Overall Architecture: VoxelHound

The model takes four modalities as input: panoramic RGB image \(\mathcal{I}^{pal}\), thermal image \(\mathcal{I}^{th}\), polarization image \(\mathcal{I}^{pol}\), and LiDAR point cloud \(\mathcal{P}\). Each modality is processed by an independent encoder for feature extraction, projected into a unified BEV space for fusion, and the final output is a 3D semantic occupancy prediction \(\mathbf{O} \in \mathbb{R}^{X \times Y \times Z}\).

Multimodal Fusion Network

  • Camera branch: Each of the three image modalities is processed by a ResNet-18 backbone to extract multi-scale features, aggregated via FPN, and then transformed to BEV features \(\mathbf{F}_c^m \in \mathbb{R}^{C_m \times H \times W}\) via a 2D-to-BEV view transformation.
  • LiDAR branch: The point cloud is voxelized and processed by sparse 3D convolutions (stride=8) to extract hierarchical geometric features, which are collapsed into BEV features \(\mathbf{F}_l \in \mathbb{R}^{C_l \times H \times W}\).
  • Fusion branch: The fused features are enhanced by a SECOND-FPN BEV encoder for multi-scale spatial representation. The occupancy head reshapes BEV channels into vertical bins, producing a 64×64×16 voxel prediction.

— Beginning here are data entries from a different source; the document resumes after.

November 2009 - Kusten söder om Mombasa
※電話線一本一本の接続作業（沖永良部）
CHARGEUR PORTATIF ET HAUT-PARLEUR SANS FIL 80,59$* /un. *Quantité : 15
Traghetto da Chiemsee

Vertical Jitter Compensation Module (VJC)

Inserted between the image encoder and the BEV view transformation: 1. Mean pooling along the width dimension to obtain vertical structure \(\mathbf{F}_v \in \mathbb{R}^{C \times H}\). 2. Two-layer Conv1D + ReLU to encode vertical features. 3. Adaptive average pooling + linear layer to predict the global vertical offset \(\Delta h\). 4. Normalization into grid coordinate offsets to construct a displacement sampling grid. 5. Bilinear grid sampling to obtain the compensated feature \(\mathbf{F}_{comp}\).

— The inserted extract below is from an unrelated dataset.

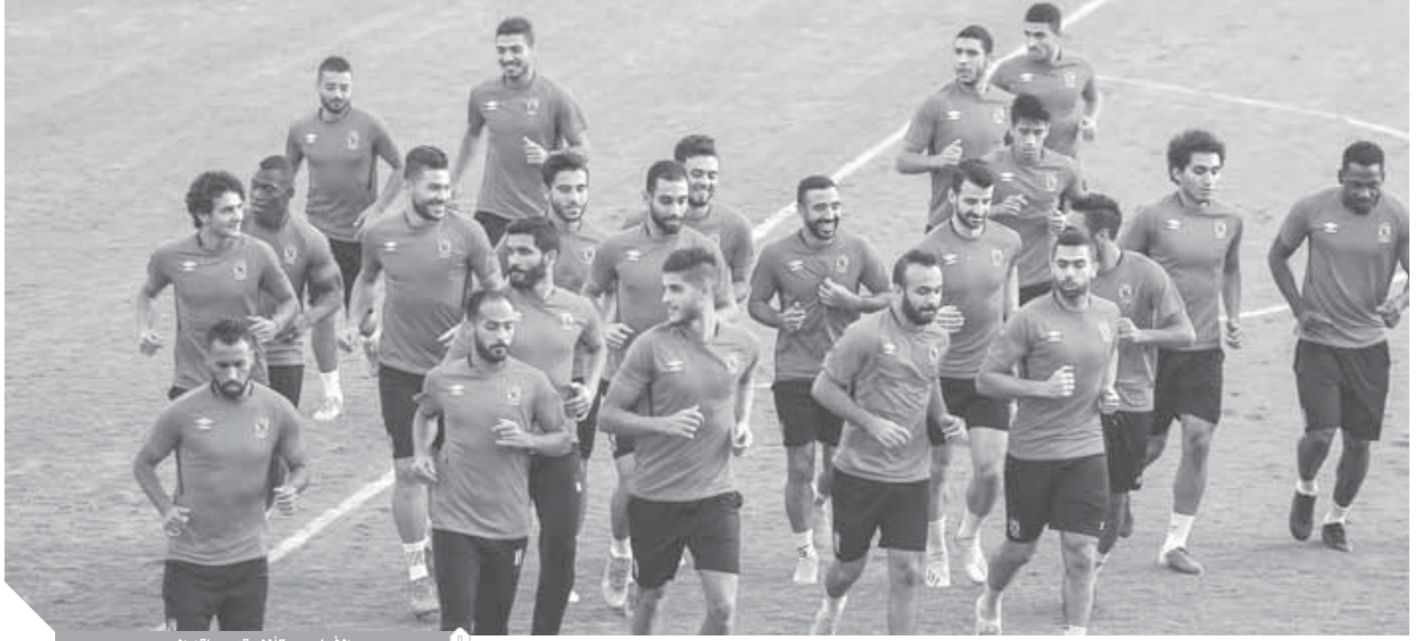
الأهلى يستأنف تدريباته اليوم

ليس من الممكن أن تسعى اللجنة المشكلة من الجمعية العمومية لفرض قرار قابل للطعن بالقوة والصوت العالى واستغلال قوتها وللجوء للجهات الدولية. طلب أخيراً إلى عمومية الجبالية قبل أن تناقشوا اللوائح لابد أن تكون البداية مع لوائح الانتخابات والترشيحات بما يضمن مستقبلاً وجود مجالس إدارات باختيار سليم تتشكل في النهاية مجالس قوية قادرة على التطوير وتمتلك القوة للتصدي لسطوة الأندية، خاصة الكبار بدلاً من استمرار لعبة التوازنات والمصالح.. استقيموا برحمتك الله.

Multimodal Information Prompt Fusion Module (MIPF)

Adopts an asymmetric fusion principle of "geometry-dominant, semantics-supplementary": 1. Each modality is projected to a shared embedding space via 1×1 convolution. 2. Global average pooling + MLP over image modalities generates compact semantic prompts \(\mathbf{p}_m\). 3. LiDAR BEV features serve as Query, while modality prompts serve as Key/Value in prompt attention. 4. Residual modulation: \(\mathbf{F}_f = \tilde{\mathbf{F}}_l + \sigma(\gamma(\mathbf{F}_{attn})) \odot \tilde{\mathbf{F}}_l\), ensuring geometric structure remains the primary representational basis.

Loss & Training

\[\mathcal{L}_{occ} = \mathcal{L}_{ce} + \mathcal{L}_{ls} + \mathcal{L}_{scal}^{geo} + \mathcal{L}_{scal}^{sem}\]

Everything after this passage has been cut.